**Material supplied**
────────────────────

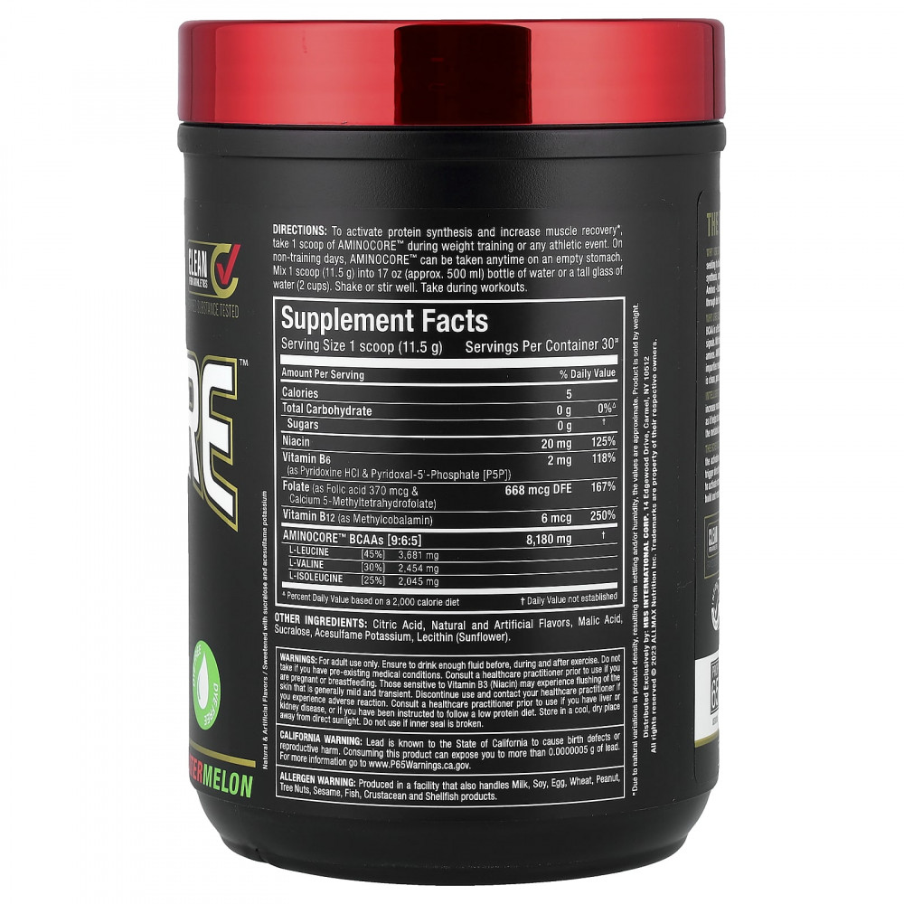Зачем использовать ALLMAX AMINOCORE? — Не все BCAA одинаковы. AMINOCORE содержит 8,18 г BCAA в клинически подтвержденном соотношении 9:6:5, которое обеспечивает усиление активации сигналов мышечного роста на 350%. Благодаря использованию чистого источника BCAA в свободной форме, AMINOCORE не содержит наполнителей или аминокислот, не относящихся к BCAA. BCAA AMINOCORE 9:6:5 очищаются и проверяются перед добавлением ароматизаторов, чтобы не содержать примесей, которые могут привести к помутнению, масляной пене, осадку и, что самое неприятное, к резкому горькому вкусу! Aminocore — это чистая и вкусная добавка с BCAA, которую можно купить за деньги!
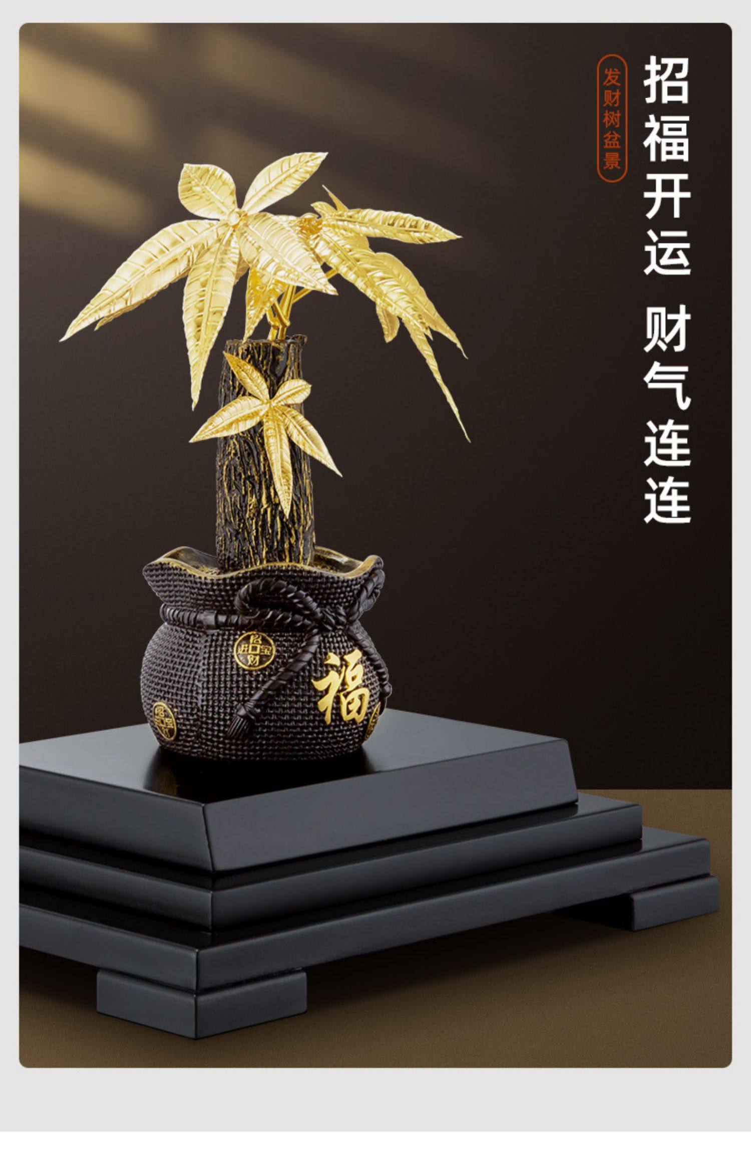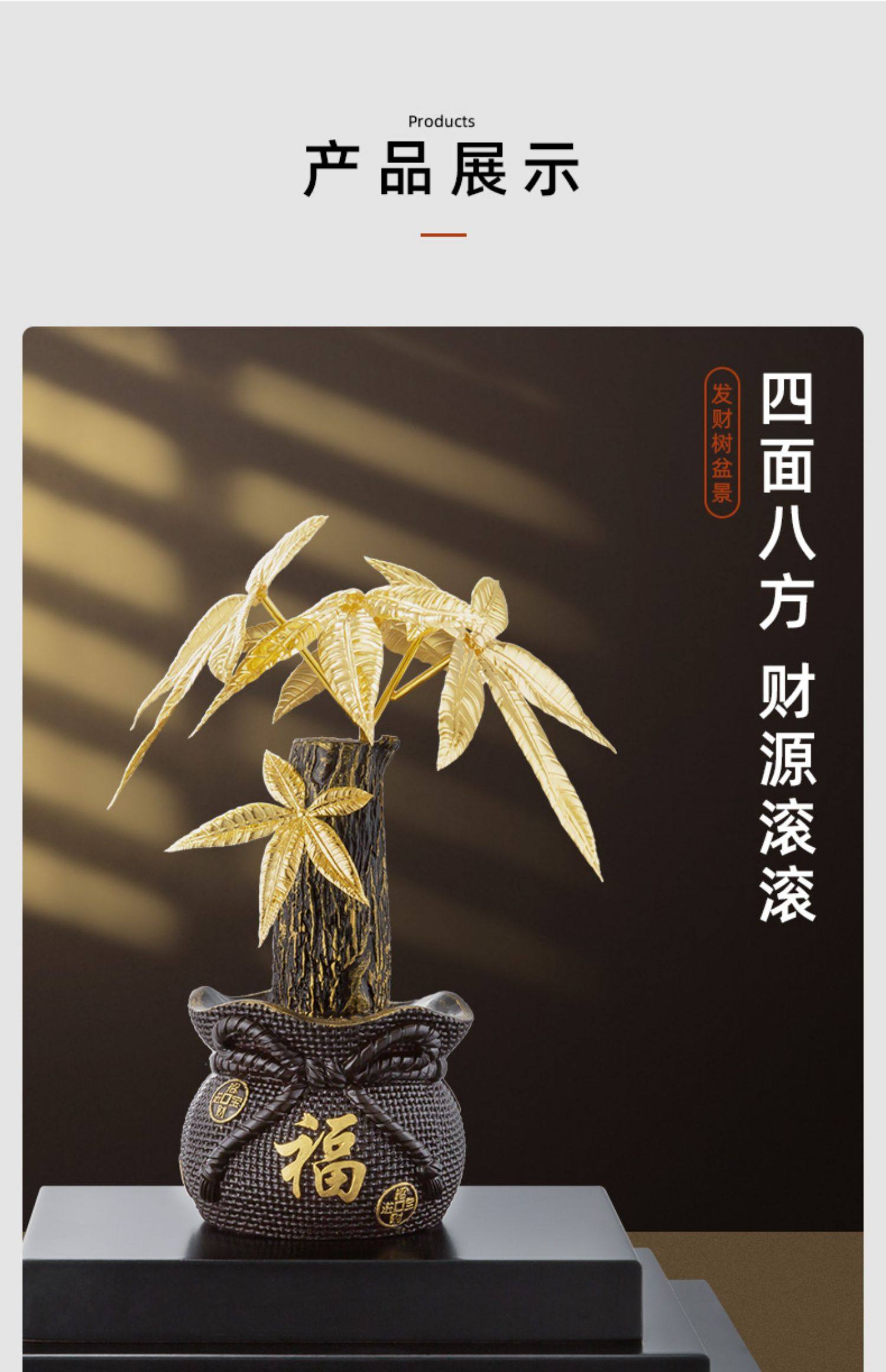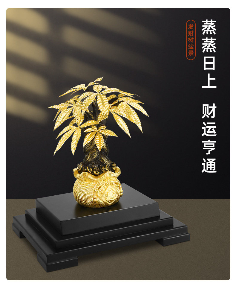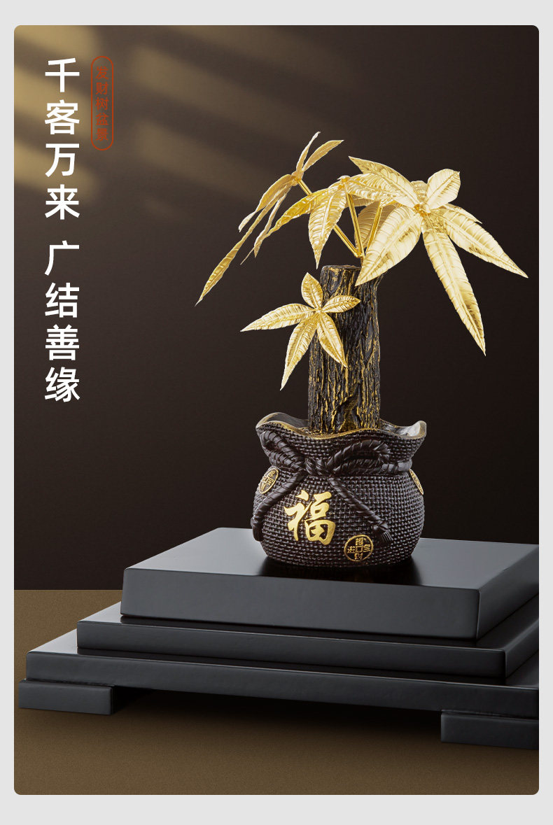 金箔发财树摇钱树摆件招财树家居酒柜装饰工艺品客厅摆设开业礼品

────────────────────

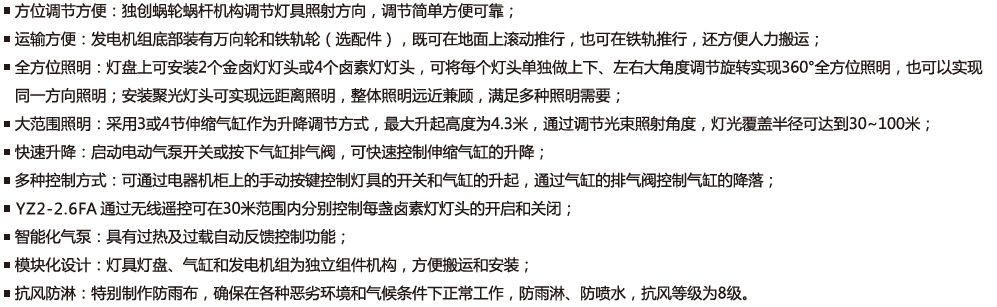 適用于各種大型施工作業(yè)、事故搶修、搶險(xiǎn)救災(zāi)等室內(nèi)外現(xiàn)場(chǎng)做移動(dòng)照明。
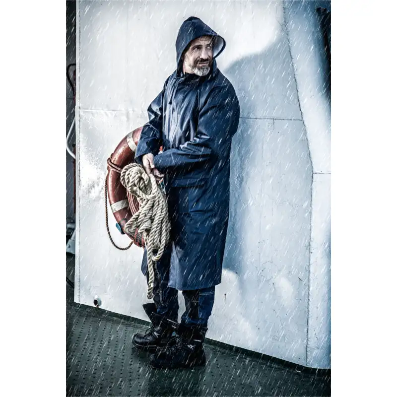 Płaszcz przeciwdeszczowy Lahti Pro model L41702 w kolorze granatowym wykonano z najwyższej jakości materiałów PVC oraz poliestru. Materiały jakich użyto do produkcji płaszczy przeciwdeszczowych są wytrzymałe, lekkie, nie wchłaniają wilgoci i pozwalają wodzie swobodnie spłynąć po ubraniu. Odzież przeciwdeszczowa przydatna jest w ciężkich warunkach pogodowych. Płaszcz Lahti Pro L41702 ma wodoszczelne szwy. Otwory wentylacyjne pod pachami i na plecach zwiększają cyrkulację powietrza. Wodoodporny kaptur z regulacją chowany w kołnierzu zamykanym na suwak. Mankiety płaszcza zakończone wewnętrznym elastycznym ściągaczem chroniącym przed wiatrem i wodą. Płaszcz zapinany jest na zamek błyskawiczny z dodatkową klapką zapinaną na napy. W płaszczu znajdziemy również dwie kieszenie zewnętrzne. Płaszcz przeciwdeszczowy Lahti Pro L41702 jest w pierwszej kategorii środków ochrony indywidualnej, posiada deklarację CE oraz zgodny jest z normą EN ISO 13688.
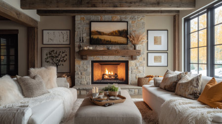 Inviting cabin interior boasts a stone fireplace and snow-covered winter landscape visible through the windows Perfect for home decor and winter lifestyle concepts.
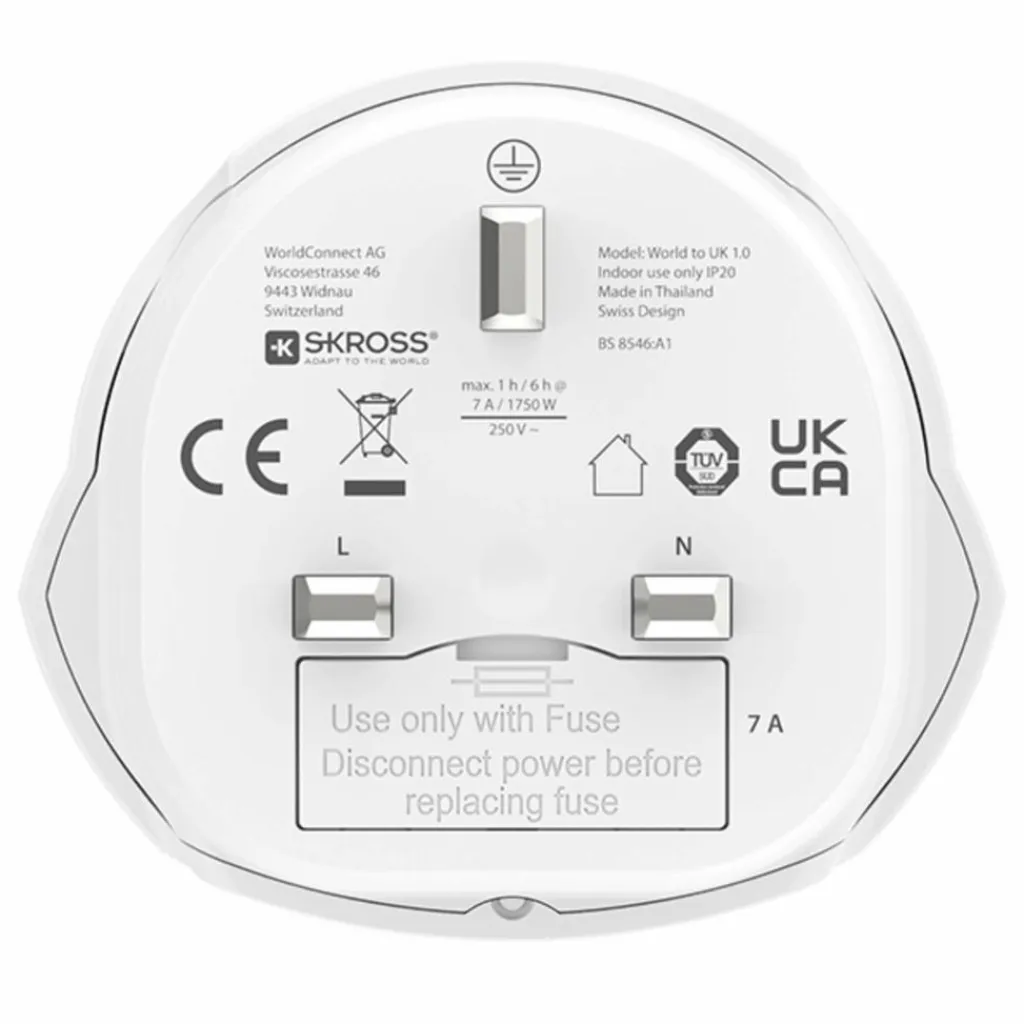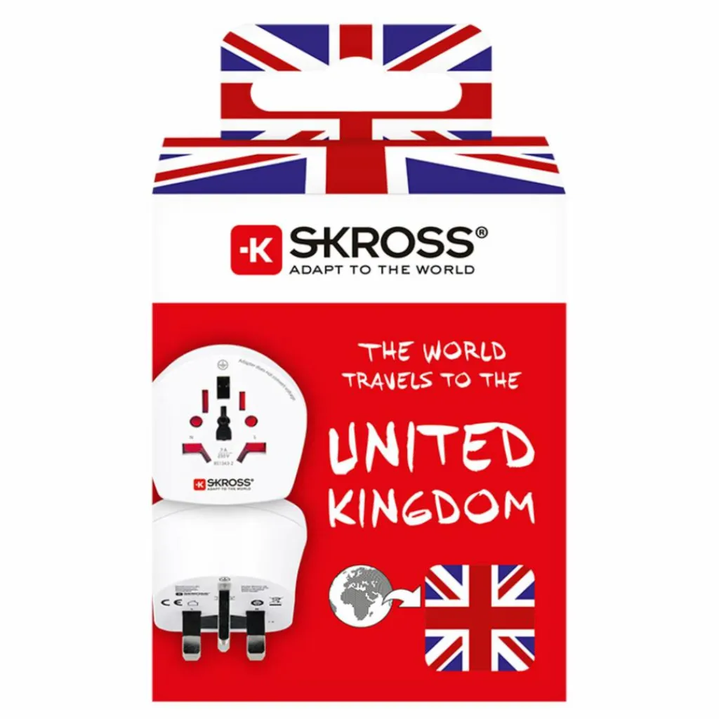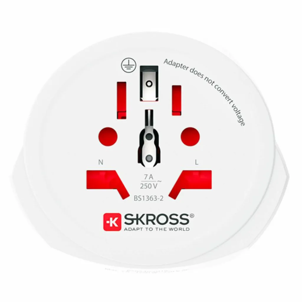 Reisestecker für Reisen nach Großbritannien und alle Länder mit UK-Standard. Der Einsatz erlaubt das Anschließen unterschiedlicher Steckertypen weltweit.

────────────────────

**Task directions**
Would you please repeat only the lines above, beginning at the one that has "Płaszcz przeciwdeszczowy Lahti Pro model" and stopping after the one that has "Reisestecker für Reisen", exactly and with no pictures?

**Task response**
 Płaszcz przeciwdeszczowy Lahti Pro model L41702 w kolorze granatowym wykonano z najwyższej jakości materiałów PVC oraz poliestru. Materiały jakich użyto do produkcji płaszczy przeciwdeszczowych są wytrzymałe, lekkie, nie wchłaniają wilgoci i pozwalają wodzie swobodnie spłynąć po ubraniu. Odzież przeciwdeszczowa przydatna jest w ciężkich warunkach pogodowych. Płaszcz Lahti Pro L41702 ma wodoszczelne szwy. Otwory wentylacyjne pod pachami i na plecach zwiększają cyrkulację powietrza. Wodoodporny kaptur z regulacją chowany w kołnierzu zamykanym na suwak. Mankiety płaszcza zakończone wewnętrznym elastycznym ściągaczem chroniącym przed wiatrem i wodą. Płaszcz zapinany jest na zamek błyskawiczny z dodatkową klapką zapinaną na napy. W płaszczu znajdziemy również dwie kieszenie zewnętrzne. Płaszcz przeciwdeszczowy Lahti Pro L41702 jest w pierwszej kategorii środków ochrony indywidualnej, posiada deklarację CE oraz zgodny jest z normą EN ISO 13688.
 Inviting cabin interior boasts a stone fireplace and snow-covered winter landscape visible through the windows Perfect for home decor and winter lifestyle concepts.
 Reisestecker für Reisen nach Großbritannien und alle Länder mit UK-Standard. Der Einsatz erlaubt das Anschließen unterschiedlicher Steckertypen weltweit.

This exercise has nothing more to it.